=== The data ===
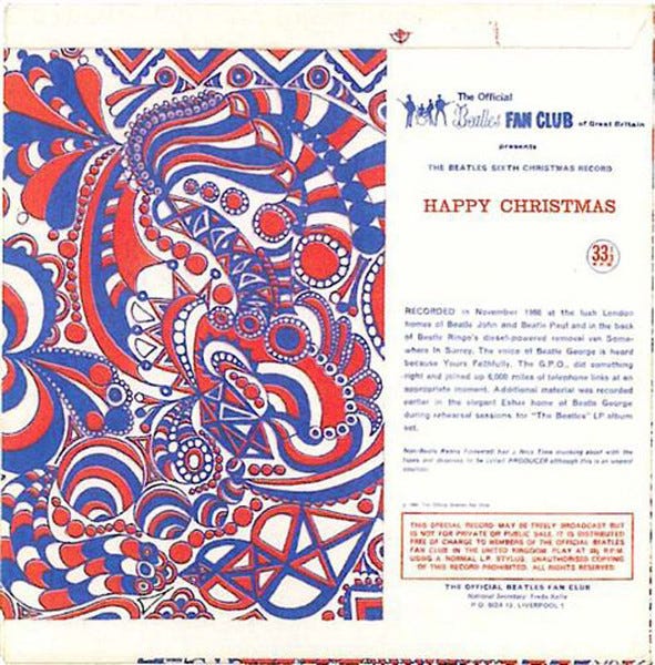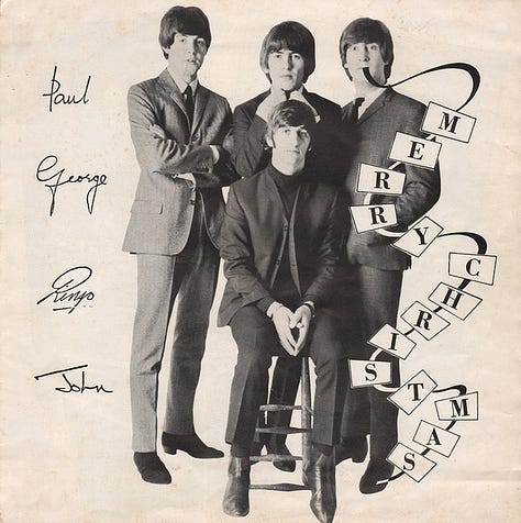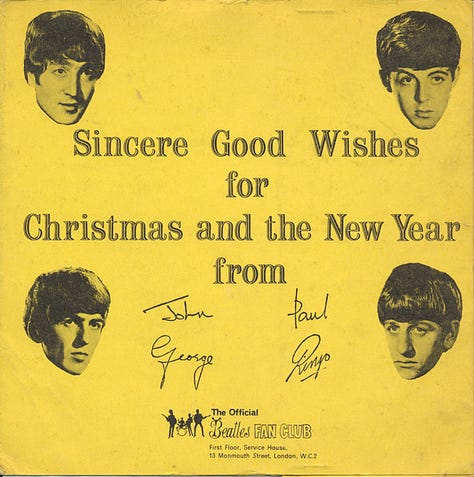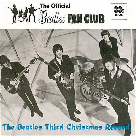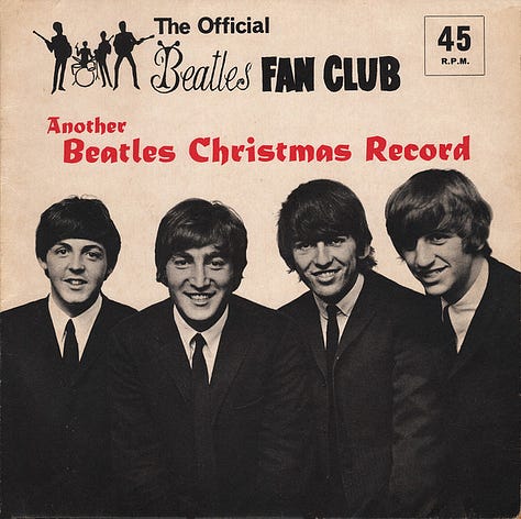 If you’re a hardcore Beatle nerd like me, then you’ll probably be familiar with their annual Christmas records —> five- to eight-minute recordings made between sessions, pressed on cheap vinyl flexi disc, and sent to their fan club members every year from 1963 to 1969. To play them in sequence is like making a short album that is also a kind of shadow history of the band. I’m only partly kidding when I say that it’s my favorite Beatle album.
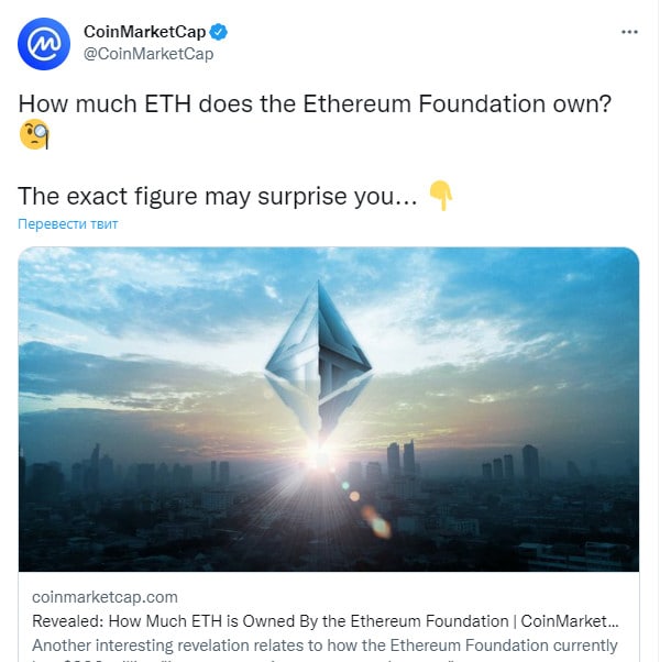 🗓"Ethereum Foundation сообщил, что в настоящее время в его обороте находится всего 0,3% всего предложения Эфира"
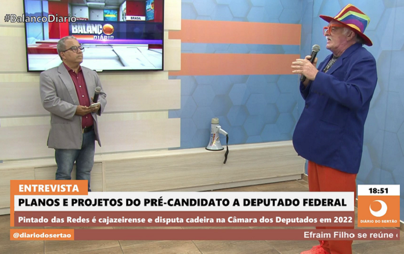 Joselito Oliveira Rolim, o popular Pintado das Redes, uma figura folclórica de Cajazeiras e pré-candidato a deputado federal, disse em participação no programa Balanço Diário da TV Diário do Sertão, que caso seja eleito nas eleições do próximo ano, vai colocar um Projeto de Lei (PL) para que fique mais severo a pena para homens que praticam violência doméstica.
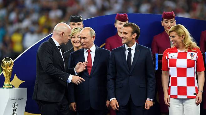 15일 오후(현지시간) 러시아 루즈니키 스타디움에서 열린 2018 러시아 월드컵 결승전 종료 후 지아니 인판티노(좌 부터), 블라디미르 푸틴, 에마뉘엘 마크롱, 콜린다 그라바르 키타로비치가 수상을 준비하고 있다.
--
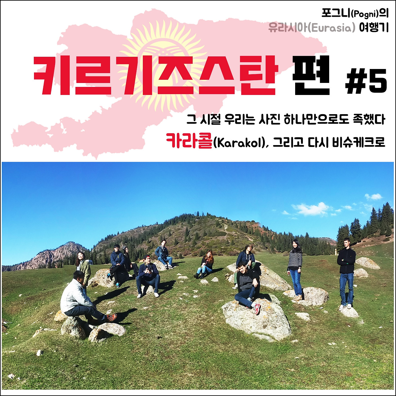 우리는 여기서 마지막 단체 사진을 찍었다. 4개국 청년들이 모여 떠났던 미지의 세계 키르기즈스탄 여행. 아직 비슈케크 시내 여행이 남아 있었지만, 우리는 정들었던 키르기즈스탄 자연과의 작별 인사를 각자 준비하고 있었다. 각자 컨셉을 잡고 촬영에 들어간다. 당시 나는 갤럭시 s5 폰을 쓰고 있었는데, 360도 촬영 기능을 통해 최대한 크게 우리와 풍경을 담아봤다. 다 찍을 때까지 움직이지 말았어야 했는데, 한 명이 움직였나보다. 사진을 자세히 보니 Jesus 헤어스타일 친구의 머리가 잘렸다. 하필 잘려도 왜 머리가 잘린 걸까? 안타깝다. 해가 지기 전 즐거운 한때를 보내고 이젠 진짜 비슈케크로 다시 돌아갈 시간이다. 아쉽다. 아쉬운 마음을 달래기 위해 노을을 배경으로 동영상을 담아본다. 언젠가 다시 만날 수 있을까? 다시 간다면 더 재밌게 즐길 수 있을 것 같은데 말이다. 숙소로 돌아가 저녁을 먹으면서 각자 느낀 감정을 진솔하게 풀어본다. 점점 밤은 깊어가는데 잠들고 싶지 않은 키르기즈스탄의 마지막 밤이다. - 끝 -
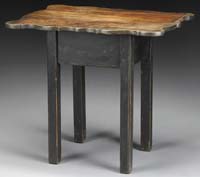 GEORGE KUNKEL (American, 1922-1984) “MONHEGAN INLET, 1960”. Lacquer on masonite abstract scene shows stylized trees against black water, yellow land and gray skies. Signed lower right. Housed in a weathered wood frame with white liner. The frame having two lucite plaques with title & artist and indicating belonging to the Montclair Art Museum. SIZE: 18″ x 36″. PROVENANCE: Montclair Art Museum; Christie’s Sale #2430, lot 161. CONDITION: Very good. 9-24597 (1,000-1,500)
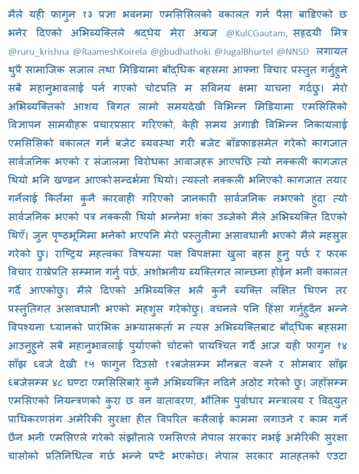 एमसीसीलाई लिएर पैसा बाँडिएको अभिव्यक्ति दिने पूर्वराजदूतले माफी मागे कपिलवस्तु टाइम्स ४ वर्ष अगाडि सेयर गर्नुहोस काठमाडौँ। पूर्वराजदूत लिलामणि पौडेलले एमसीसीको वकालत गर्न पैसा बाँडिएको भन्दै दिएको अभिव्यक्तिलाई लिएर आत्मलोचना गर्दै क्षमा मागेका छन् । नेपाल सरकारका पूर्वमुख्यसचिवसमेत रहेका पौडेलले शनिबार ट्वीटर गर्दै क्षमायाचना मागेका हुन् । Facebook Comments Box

=== Action item ===
Within the listing above, the lines starting at the one containing "If you’re a" and ending at the one containing "15일 오후(현지시간) 러시아" are to be returned exactly. Omit the pictures.

=== Response for this exercise ===
 If you’re a hardcore Beatle nerd like me, then you’ll probably be familiar with their annual Christmas records —> five- to eight-minute recordings made between sessions, pressed on cheap vinyl flexi disc, and sent to their fan club members every year from 1963 to 1969. To play them in sequence is like making a short album that is also a kind of shadow history of the band. I’m only partly kidding when I say that it’s my favorite Beatle album.
 🗓"Ethereum Foundation сообщил, что в настоящее время в его обороте находится всего 0,3% всего предложения Эфира"
 Joselito Oliveira Rolim, o popular Pintado das Redes, uma figura folclórica de Cajazeiras e pré-candidato a deputado federal, disse em participação no programa Balanço Diário da TV Diário do Sertão, que caso seja eleito nas eleições do próximo ano, vai colocar um Projeto de Lei (PL) para que fique mais severo a pena para homens que praticam violência doméstica.
 15일 오후(현지시간) 러시아 루즈니키 스타디움에서 열린 2018 러시아 월드컵 결승전 종료 후 지아니 인판티노(좌 부터), 블라디미르 푸틴, 에마뉘엘 마크롱, 콜린다 그라바르 키타로비치가 수상을 준비하고 있다.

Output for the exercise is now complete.